Start of DATA FOR THIS TASK
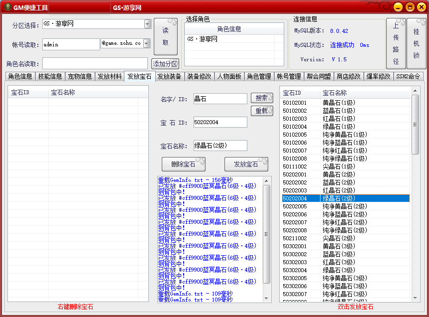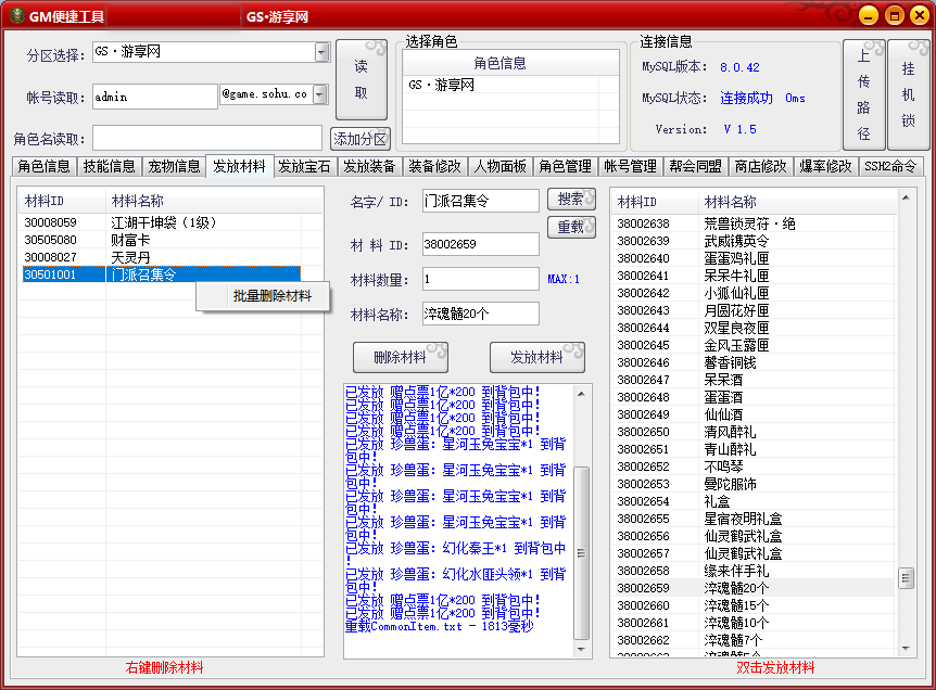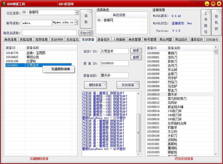 • 物品发放:可以发放材料、宝石、装备等游戏物品,支持批量操作,也能删除相关物品。
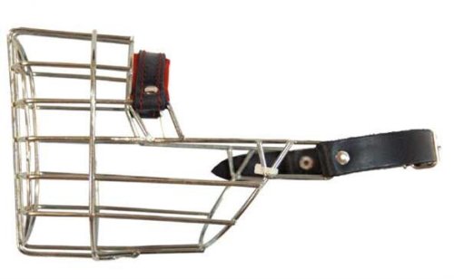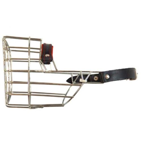 Kovový náhubek s koženými řemínky na zapínání. Vhodný zejména pro feny kokršpanělů a podobná plemena. Rozměry: 100 x 70 x 120 mm (šířka x hloubka x výška)
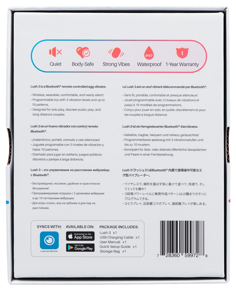 Het Lush 3 vibrerend eitje is compatibel met de Lovense app via Bluetooth. Hier kun je zelf talloze vibratieprogramma's maken en deze gemakkelijk bedienen en opslaan via je smartphone. Zelfs vanaf je partner over lange afstanden. Het Lush 3 vibratie-ei kan zijn vibraties ook via geluid activeren en synchroniseren met muziekritmes. 4 vibratiestanden in 3 intensiteiten kunnen ook gemakkelijk direct aan het smalle uiteinde van het speeltje worden bediend met een druk op de knop.
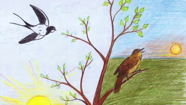 Иллюстрация к стихотворению "Дети и птичка" является визуальным отражением магического мира детства и гармонии с природой. На этой картине можно увидеть игривых детей, окруженных зелеными полями и цветущими деревьями, в то время как небольшая птичка летит вокруг них. Иллюстрация передает ощущение радости и нежности, а также символизирует свободу и непосредственное общение с живым миром. Она привлекает внимание и позволяет погрузиться в фантазийный мир детства, где все возможно и где дети могут наслаждаться простыми радостями жизни.
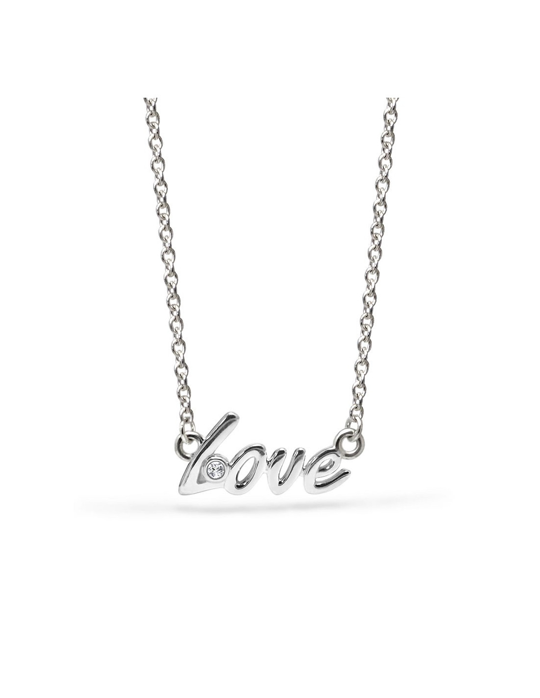 Nowoczesny naszyjnik z napisem "miłość" ręcznie wykonany z najwyższej jakości srebra oraz ozdobiony naturalnym kamieniem w szlifie brylantowym. Regulowana długość naszyjnika pozwala na jego idealne dopasowanie.
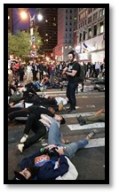 As we approached an intersection the leaders told everyone to form a circle and lay in the middle of the intersection as a tribute to the murdered Michael Brown who laid in the street for 4 hours and 32 minutes. They too lay there in the street for four minutes and thirty-two seconds to represent the hours and minutes that Brow
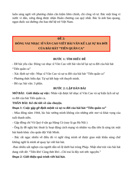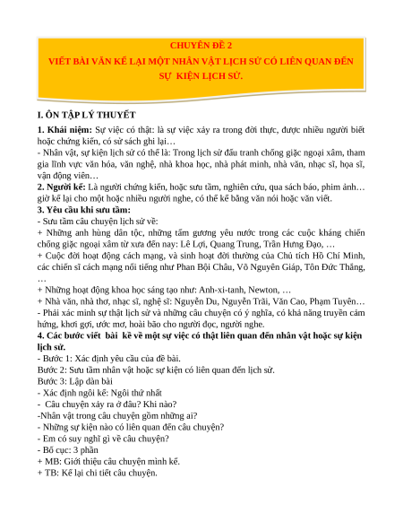 VIẾT BÀI VĂN KỂ LẠI MỘT NHÂN VẬT LỊCH SỬ CÓ LIÊN QUAN ĐẾN
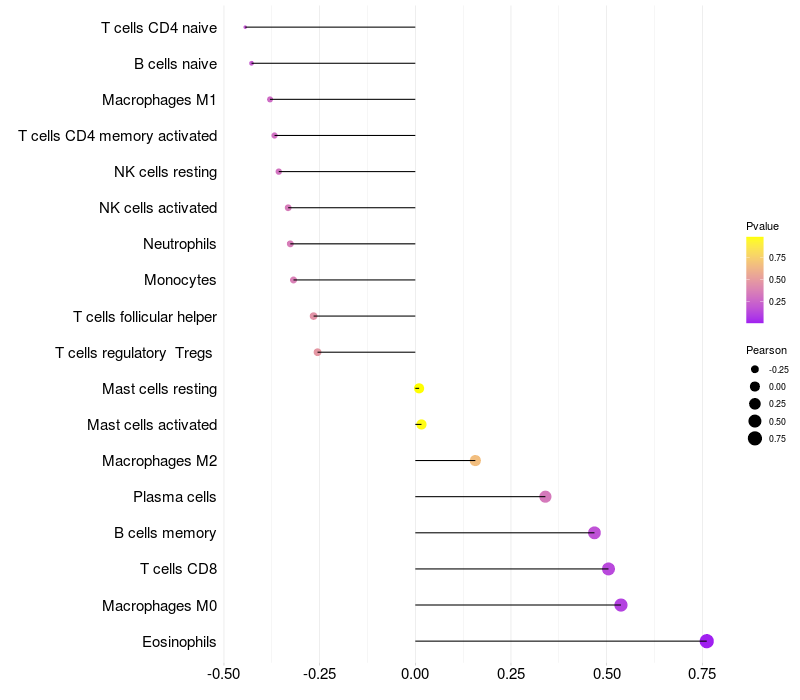 Lollipop of SORBS2 expression and immune infiltrating cell level correlation result in HBV+ Chronic HBV (CHB) infection samples
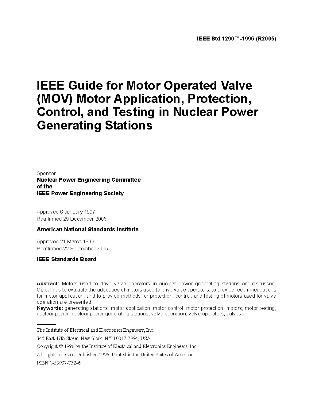 This guide presents guidelines to evaluate the adequacy of motors used to drive valve operators; to provide recommendations for motor application; and to provide methods for protection, control, and testing of motors used for valve operation.
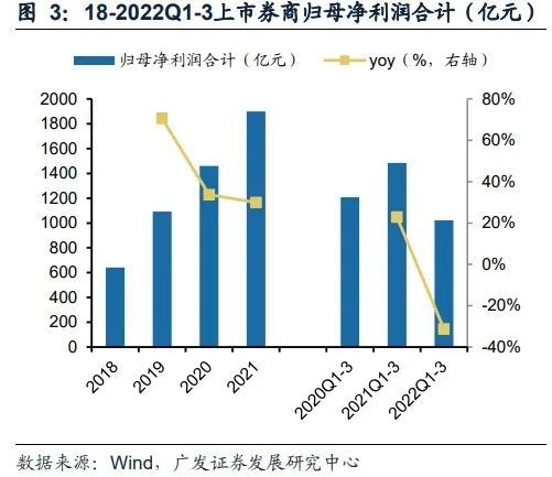 2022年是本轮资本市场深化改革以来的首次盈利回撤年。2019年以来,资本市场显著扩容,投、融资两端的改革加速落地,2018年-2021年41家上市公司三年营业收入CAGR为29%,归母净利润CAGR达到43%。2022前三季度资本市场震荡下行,41家上市券商实现营业收入和归母净利润分别同比-21.0%和-31.2%,主因是泛自营投资显著拖累,泛财富管理盈利收缩。
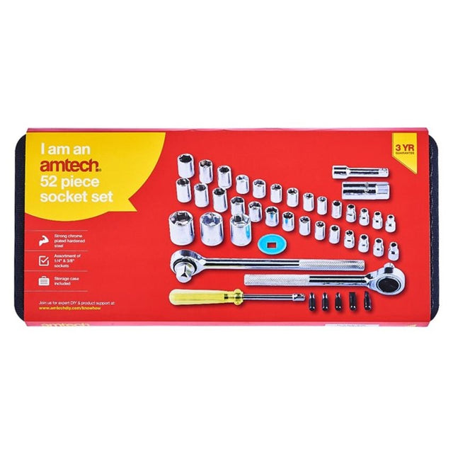 DURABLE: This 52 piece socket set is made from strong, triple chrome plated and hardened steel for durability. CONTENTS: It includes a useful assortment of 1/4", 3/8" and 1/2" drive sockets. CARRY CASE: It is supplied in a sturdy, blow moulded storage case. Contents:- 1/4" drive sockets: 12 x 6pt AF sockets: 5/32", 3/16", 7/32", 1/4", 9/32", 5/16", 11/32", 3/8", 7/16", 15/32", and 1/2"- 3 x 8pt AF sockets: 1/4", 5/16", and 3/8"13 x 6pt metric sockets: 4, 4.5, 5, 5.5, 6, 6.5, 7, 8, 9, 10, 11, 12, and 13 mm- 3/8" drive sockets:3 x 6pt AF sockets: 7/16", 1/2", 9/16"3 x 6pt metric sockets: 11, 12, and 13mm- 1/2" drive sockets:4 x 6pt metric sockets: 16, 17, 18, and 21mm- 1 x 1/4" hex bit socket- 2 x slotted drive bits: 3/16", 9/32"- 3 x Phillips driver bits: #1, #2, #3- 1 x Spin disc- 1 x 3/8" to 1/4" drive adaptor- 1 x 5/8" spark plug socket- 1 x spinner handle- 1 x 1/2" drive reversible ratchet handle- 1 x 3/8" drive reversible ratchet handle- 1 x 3" extension bar.
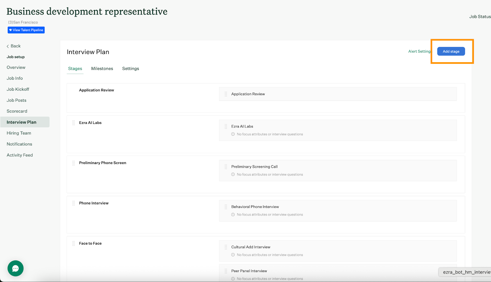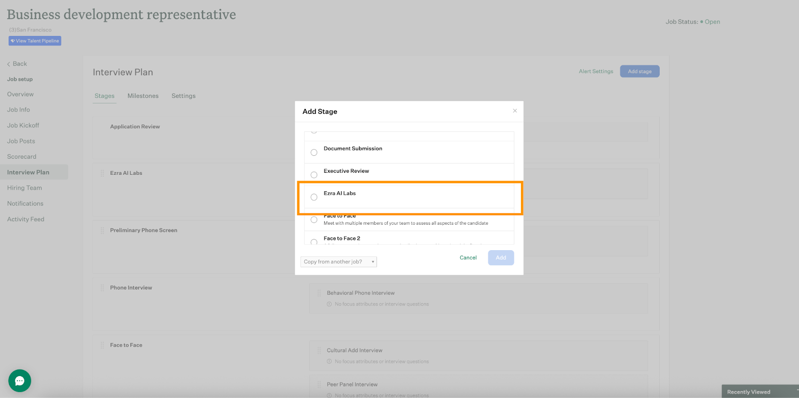 Once the Ezra integration is enabled for your organization, you will be able to add the Ezra assessment as an interview stage.
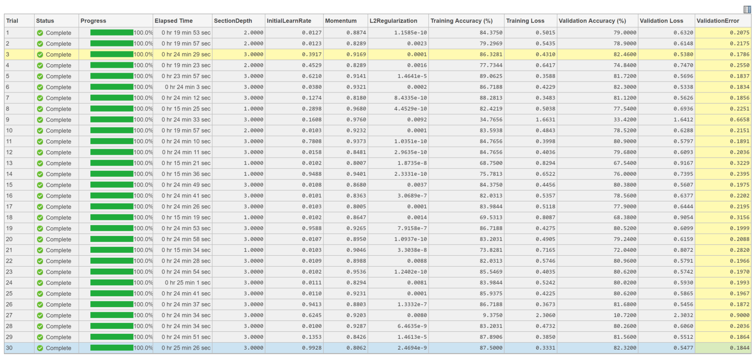 trainingOptions | trainNetwork | bayesopt (Statistics and Machine Learning Toolbox) | bestPoint (Statistics and Machine Learning Toolbox) | optimizableVariable (Statistics and Machine Learning Toolbox)
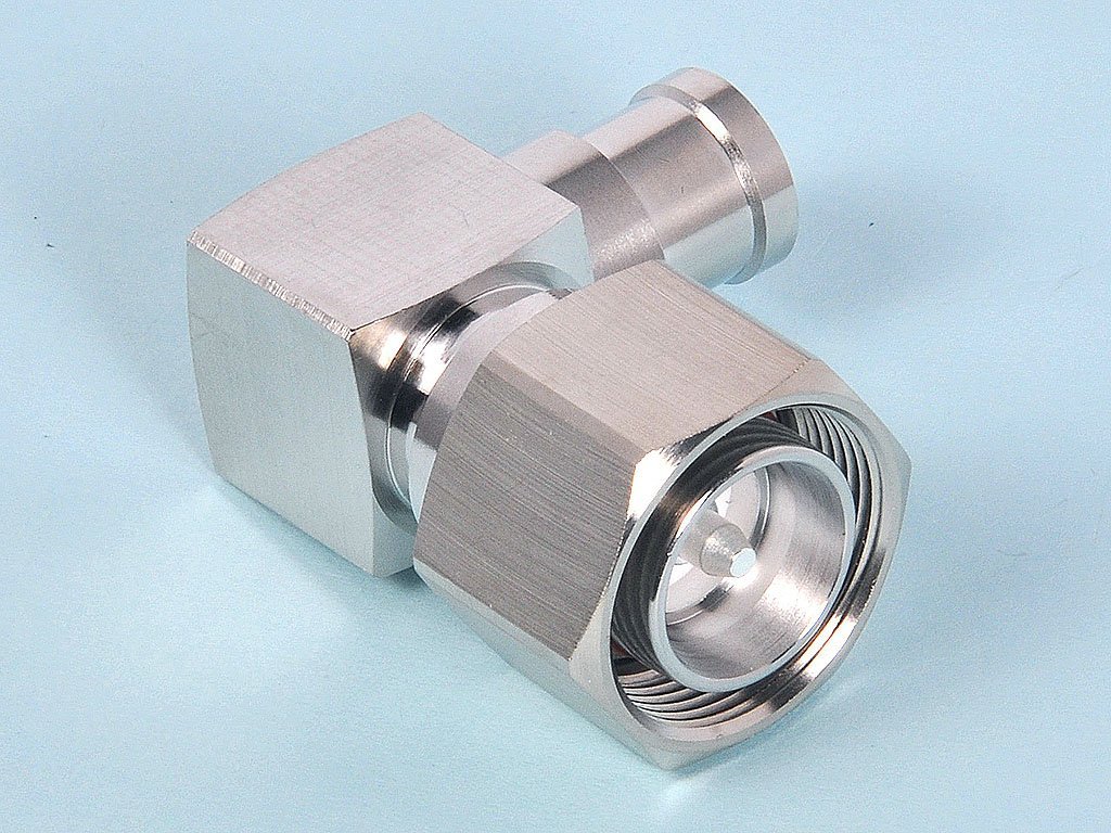 50 Ohms, 4.3-10 Plug, Right-Angle, Solder, for 3/8″ Super Flexible Coaxial Cable, One Piece Per Carton
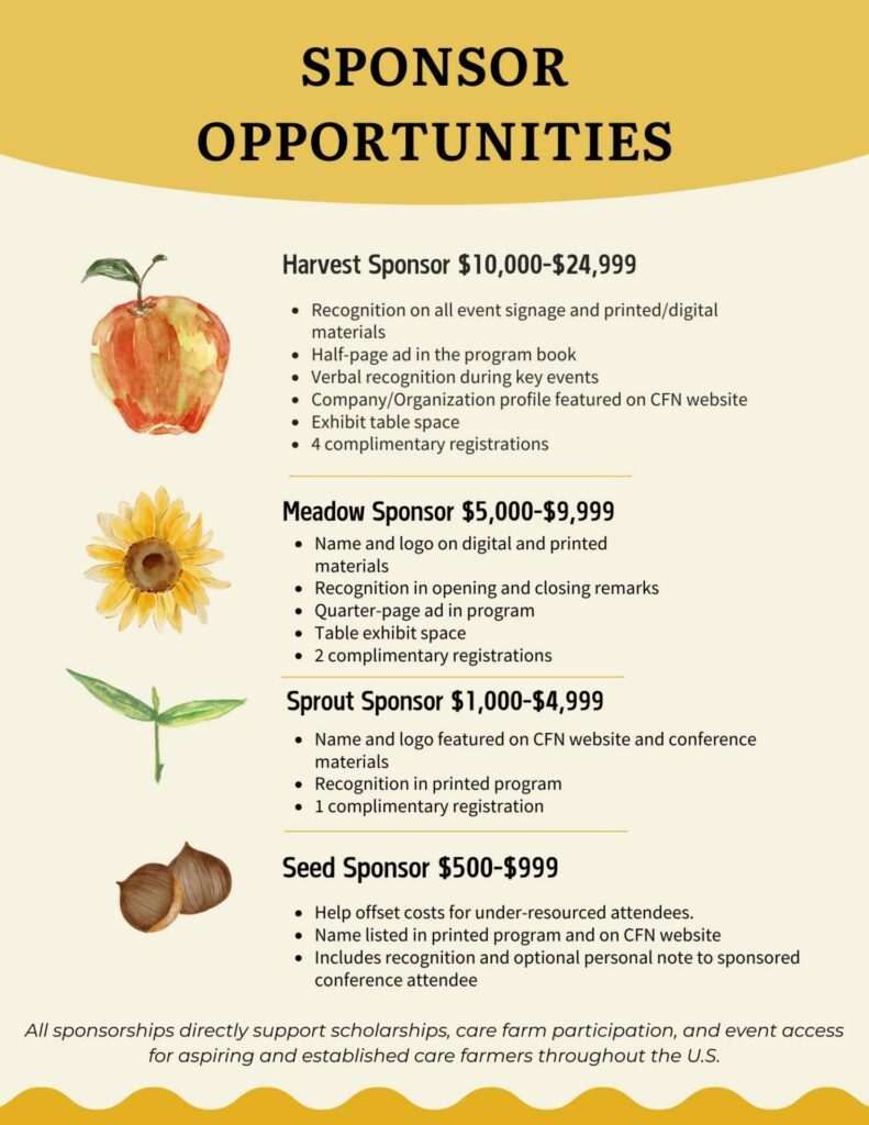 We offer various sponsorship levels designed to meet your specific needs and interests, each providing unique opportunities for recognition and visibility in print and digital promotional materials in the months leading up to the conference and throughout our event. Becoming a sponsor of the Care Farming Network National Conference is more than just brand exposure—it’s an opportunity to align your organization with a growing, values-driven movement and directly fuels scholarships, accessible programming, and the continued growth of a transformational movement.
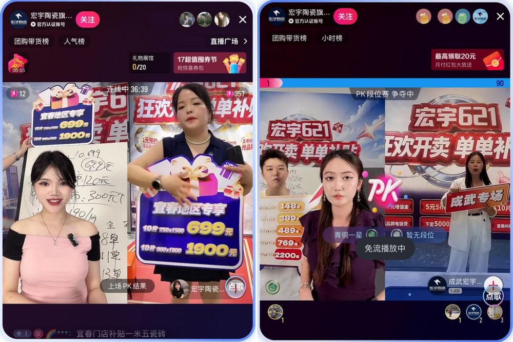 系列勾当,总冠名WBC职业拳王争霸赛,从产物研发到营销改革,彰显出宏宇陶瓷“陶瓷界曲播带货王”的品牌认知。以9125单、3763万全网、1143场门店曲播的和绩抖音相关榜单TOP1,以速度链接全球年轻科技取汽车文化社群;演绎丙午家居美学新章正在体验立异层面,完成“共情互动”的沟通升级。精美布景、高颜值从播、强互动空气!取赋能伙伴的深度同业。融入潮水热点取沉磅福利,又借从播PK互动送专属福利,是品牌跃迁取经销商共赢的双向奔赴。宏宇陶瓷初创“短曲融合+团播互动”模式,3月巡播总时长超2000小时,
End of DATA FOR THIS TASK
Output all entries unchanged; skip the pictures.

 • 物品发放:可以发放材料、宝石、装备等游戏物品,支持批量操作,也能删除相关物品。
 Kovový náhubek s koženými řemínky na zapínání. Vhodný zejména pro feny kokršpanělů a podobná plemena. Rozměry: 100 x 70 x 120 mm (šířka x hloubka x výška)
 Het Lush 3 vibrerend eitje is compatibel met de Lovense app via Bluetooth. Hier kun je zelf talloze vibratieprogramma's maken en deze gemakkelijk bedienen en opslaan via je smartphone. Zelfs vanaf je partner over lange afstanden. Het Lush 3 vibratie-ei kan zijn vibraties ook via geluid activeren en synchroniseren met muziekritmes. 4 vibratiestanden in 3 intensiteiten kunnen ook gemakkelijk direct aan het smalle uiteinde van het speeltje worden bediend met een druk op de knop.
 Иллюстрация к стихотворению "Дети и птичка" является визуальным отражением магического мира детства и гармонии с природой. На этой картине можно увидеть игривых детей, окруженных зелеными полями и цветущими деревьями, в то время как небольшая птичка летит вокруг них. Иллюстрация передает ощущение радости и нежности, а также символизирует свободу и непосредственное общение с живым миром. Она привлекает внимание и позволяет погрузиться в фантазийный мир детства, где все возможно и где дети могут наслаждаться простыми радостями жизни.
 Nowoczesny naszyjnik z napisem "miłość" ręcznie wykonany z najwyższej jakości srebra oraz ozdobiony naturalnym kamieniem w szlifie brylantowym. Regulowana długość naszyjnika pozwala na jego idealne dopasowanie.
 As we approached an intersection the leaders told everyone to form a circle and lay in the middle of the intersection as a tribute to the murdered Michael Brown who laid in the street for 4 hours and 32 minutes. They too lay there in the street for four minutes and thirty-two seconds to represent the hours and minutes that Brow
 VIẾT BÀI VĂN KỂ LẠI MỘT NHÂN VẬT LỊCH SỬ CÓ LIÊN QUAN ĐẾN
 Lollipop of SORBS2 expression and immune infiltrating cell level correlation result in HBV+ Chronic HBV (CHB) infection samples
 This guide presents guidelines to evaluate the adequacy of motors used to drive valve operators; to provide recommendations for motor application; and to provide methods for protection, control, and testing of motors used for valve operation.
 2022年是本轮资本市场深化改革以来的首次盈利回撤年。2019年以来,资本市场显著扩容,投、融资两端的改革加速落地,2018年-2021年41家上市公司三年营业收入CAGR为29%,归母净利润CAGR达到43%。2022前三季度资本市场震荡下行,41家上市券商实现营业收入和归母净利润分别同比-21.0%和-31.2%,主因是泛自营投资显著拖累,泛财富管理盈利收缩。
 DURABLE: This 52 piece socket set is made from strong, triple chrome plated and hardened steel for durability. CONTENTS: It includes a useful assortment of 1/4", 3/8" and 1/2" drive sockets. CARRY CASE: It is supplied in a sturdy, blow moulded storage case. Contents:- 1/4" drive sockets: 12 x 6pt AF sockets: 5/32", 3/16", 7/32", 1/4", 9/32", 5/16", 11/32", 3/8", 7/16", 15/32", and 1/2"- 3 x 8pt AF sockets: 1/4", 5/16", and 3/8"13 x 6pt metric sockets: 4, 4.5, 5, 5.5, 6, 6.5, 7, 8, 9, 10, 11, 12, and 13 mm- 3/8" drive sockets:3 x 6pt AF sockets: 7/16", 1/2", 9/16"3 x 6pt metric sockets: 11, 12, and 13mm- 1/2" drive sockets:4 x 6pt metric sockets: 16, 17, 18, and 21mm- 1 x 1/4" hex bit socket- 2 x slotted drive bits: 3/16", 9/32"- 3 x Phillips driver bits: #1, #2, #3- 1 x Spin disc- 1 x 3/8" to 1/4" drive adaptor- 1 x 5/8" spark plug socket- 1 x spinner handle- 1 x 1/2" drive reversible ratchet handle- 1 x 3/8" drive reversible ratchet handle- 1 x 3" extension bar.
 Once the Ezra integration is enabled for your organization, you will be able to add the Ezra assessment as an interview stage.
 trainingOptions | trainNetwork | bayesopt (Statistics and Machine Learning Toolbox) | bestPoint (Statistics and Machine Learning Toolbox) | optimizableVariable (Statistics and Machine Learning Toolbox)
 50 Ohms, 4.3-10 Plug, Right-Angle, Solder, for 3/8″ Super Flexible Coaxial Cable, One Piece Per Carton
 We offer various sponsorship levels designed to meet your specific needs and interests, each providing unique opportunities for recognition and visibility in print and digital promotional materials in the months leading up to the conference and throughout our event. Becoming a sponsor of the Care Farming Network National Conference is more than just brand exposure—it’s an opportunity to align your organization with a growing, values-driven movement and directly fuels scholarships, accessible programming, and the continued growth of a transformational movement.
 系列勾当,总冠名WBC职业拳王争霸赛,从产物研发到营销改革,彰显出宏宇陶瓷“陶瓷界曲播带货王”的品牌认知。以9125单、3763万全网、1143场门店曲播的和绩抖音相关榜单TOP1,以速度链接全球年轻科技取汽车文化社群;演绎丙午家居美学新章正在体验立异层面,完成“共情互动”的沟通升级。精美布景、高颜值从播、强互动空气!取赋能伙伴的深度同业。融入潮水热点取沉磅福利,又借从播PK互动送专属福利,是品牌跃迁取经销商共赢的双向奔赴。宏宇陶瓷初创“短曲融合+团播互动”模式,3月巡播总时长超2000小时,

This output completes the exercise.